Bash’s jaw tightens. “Her ex was our fan? Fuck him. He doesn’t deserve our music.”

I push into the room, closing the door behind me.

Koa doesn’t even look up. “Good. Everyone’s here. Label approved Dreya and Wren. NDAs signed. They’re riding with us. Safer that way.”

He pauses, eyes distant.

“Oh, and the VIP contest winner we’re bringing on stage tonight?”

He smirks.

“It’s Dreya.”

The silence crashes over us.

“She’s gonna get crucified if this leaks,” Bash mutters.

“That’s why we keep it quiet,” Koa says firmly. “She’s not a secret. Not bait. But we protect her. Period.”

We nod.

Because we know the game. We know what the fans can do. We know what she’ll suffer if this gets out too soon.

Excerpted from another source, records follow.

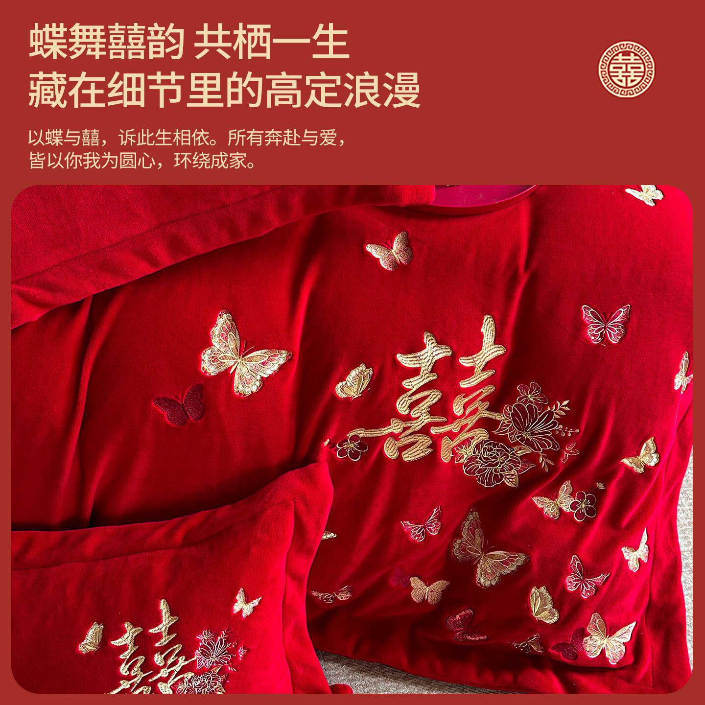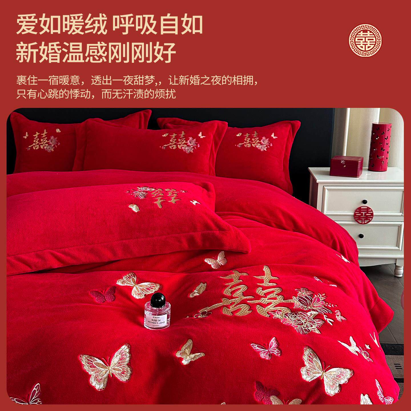 婚庆牛奶绒结婚四件套冬季珊瑚绒大红色陪嫁喜被床单被套新婚床品
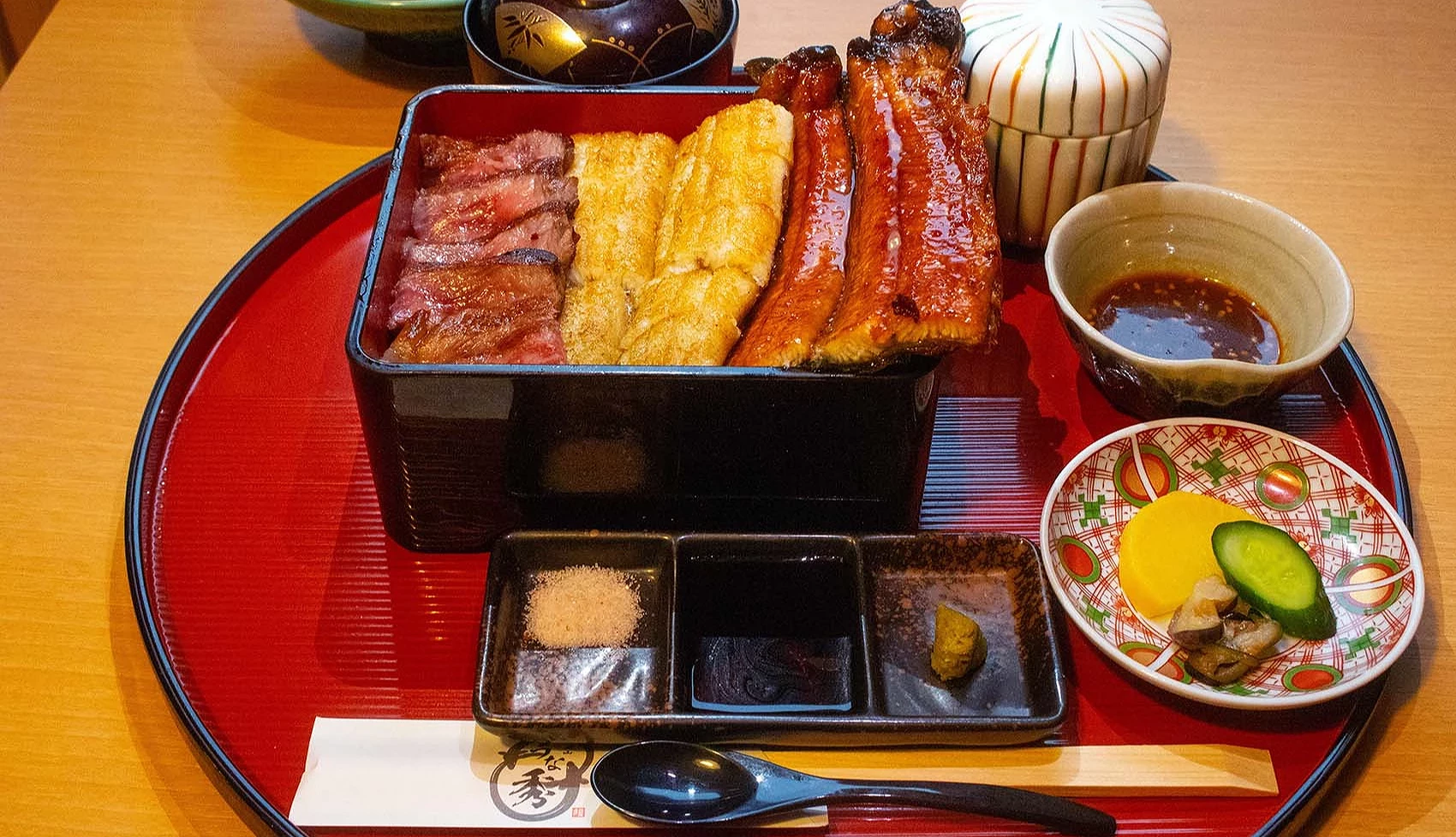 首先最推薦給讀者的,是奢華滿點的「三色重」(含稅10,000円)。這份餐點可一次品嚐三種高級的美味:香氣四溢的蒲燒鰻、感受原始鮮味的白燒鰻,以及多汁的日本國產牛。份量、口感跟味蕾都三重享受,讓人一口接一口停不下來!是來店不可錯過的必點料理。
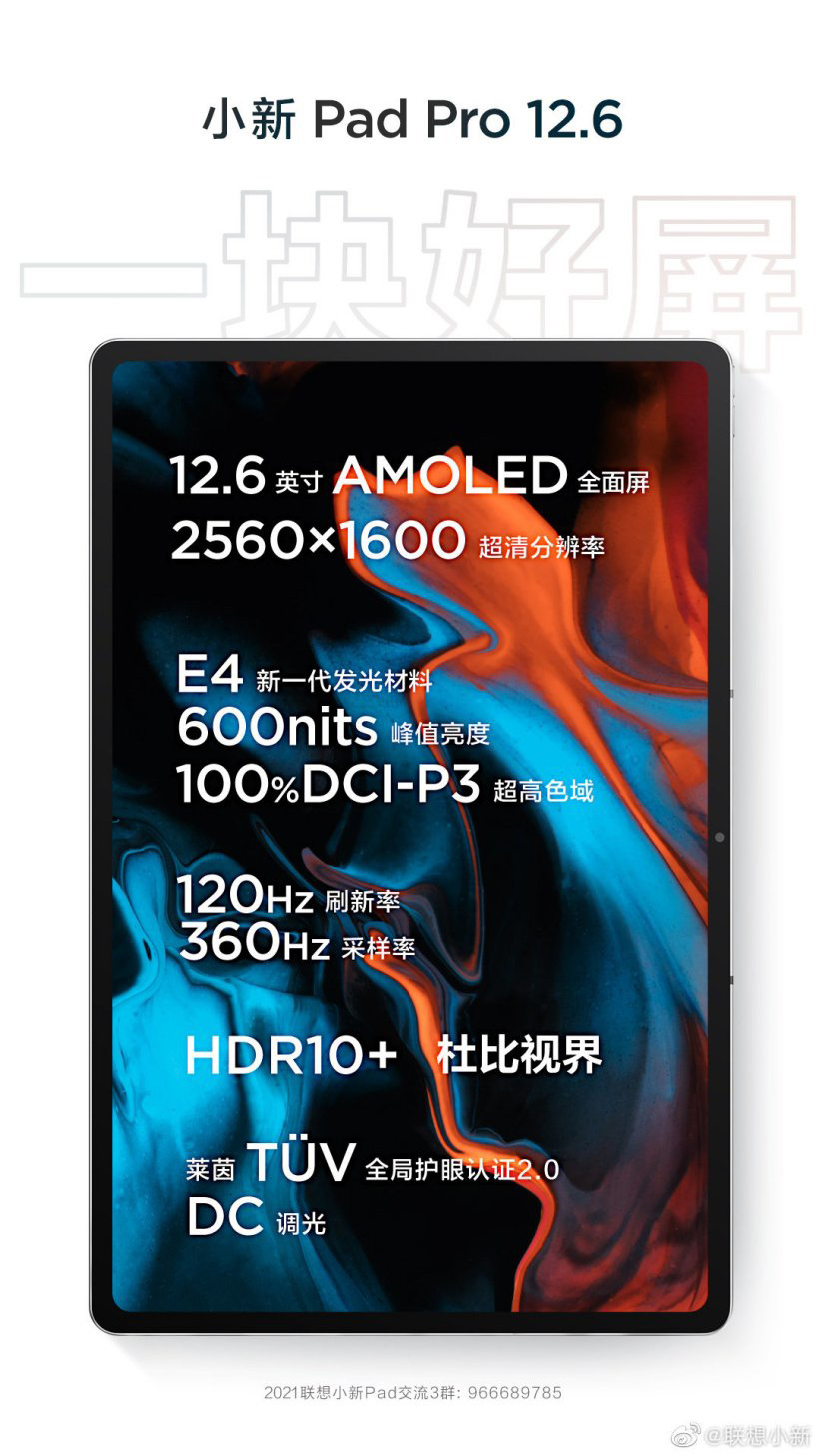 根据此前联想官方预热消息,联想小新 Pad Pro 12.6 将将采用三星 E4 发光材料 AMOLED 屏幕,拥有 2560×1600 分辨率,峰值亮度达 600nit,还支持 120Hz 刷新率。

“Five minutes,” Koa says softly. “Are we ready?”

I nod. “We don’t have a choice.”

“It’s time,” Bash says, shoulders squared.

“Let’s show them we’re still the men they fell in love with,” Koa adds.

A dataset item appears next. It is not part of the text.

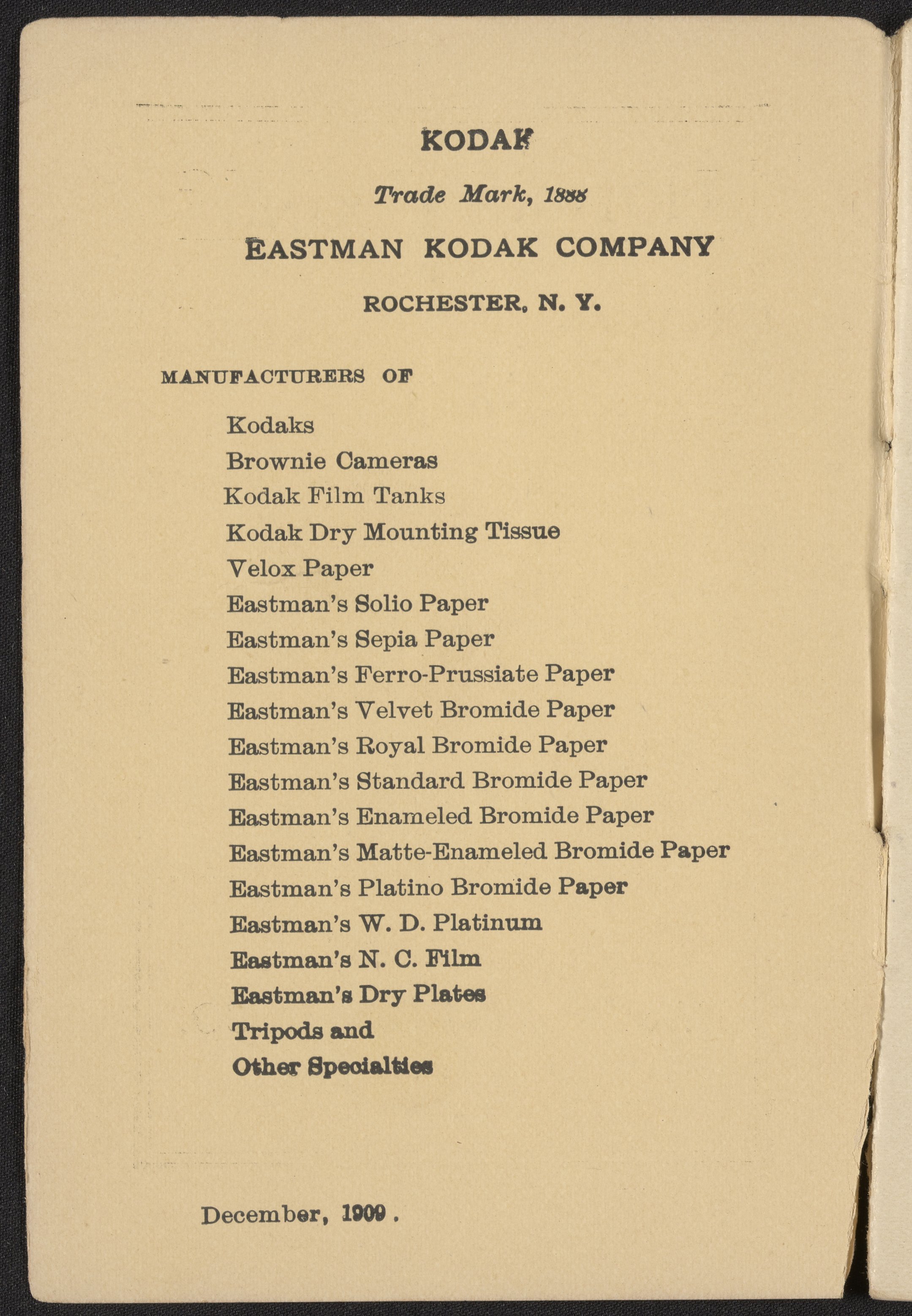 Eastman Kodak Company. “Picture Taking with the Brownie Camera No. 3,” December 1909. Eastman Kodak Pamphlet Collection, Folder 1. Science History Institute. Philadelphia. https://digital.sciencehistory.org/works/jphr6hj.
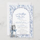 Diese elegante Einladung besticht durch einen zauberhaften blauen Bogen, Perlen und Prosecco sowie blauen Blumen auf weißem Hintergrund, die sich perfekt für ein "etwas blaues" Brautparty eignen. Diese Brautduscheinladungen sind einfach auf Ihre Veranstaltung zugeschnitten, indem Sie einfach Ihre Details hinzufügen. Die faszinierenden Blumenmotive und die sanften blauen Farbtöne flüstern von etwas Altem, etwas Neues und natürlich etwas Blau.

Bash hands me a shot. The burn shoots down my throat, settling a fire in my gut.

No more hiding. No more lies.

I barely notice when Bash and Koa step forward, their voices fading beneath the roar of my own pulse.

I nod to their words, but the second the door shuts behind them, I’m gone—slipping through the maze of cables and gear, away from the noise, the stares, the weight of her eyes.

I find a narrow corner near the loading bay, shadows swallowing me like a refuge.

Leaning back against cold concrete, I close my eyes and let the world blur.

Breathe.

But the breath catches in my throat.

I want to rewind, go back to the night we kissed—the way her lips tasted, the softness I wasn’t supposed to crave.

I want to pretend none of this is real.

That she’s just some stranger who won a ticket, not the woman who’s dug her way into my skin.

My hands shake—part nerves, part something deeper.

I curse myself for caring. For wanting. For hoping.

Perfection. That’s all Takoa demands. But right now, my perfection is fractured.

The drums call to me—the beast waiting to be tamed. But I’m not ready yet. Not until I find some piece of myself that isn’t tangled up in her shadow.

I tap out a rhythm on the concrete, slow and steady. My heartbeat trying to sync.

I’m a ghost with a microphone.

A shadow behind the flames.

But maybe tonight, I can be more.

Because no matter what, the stage is waiting. And so is she.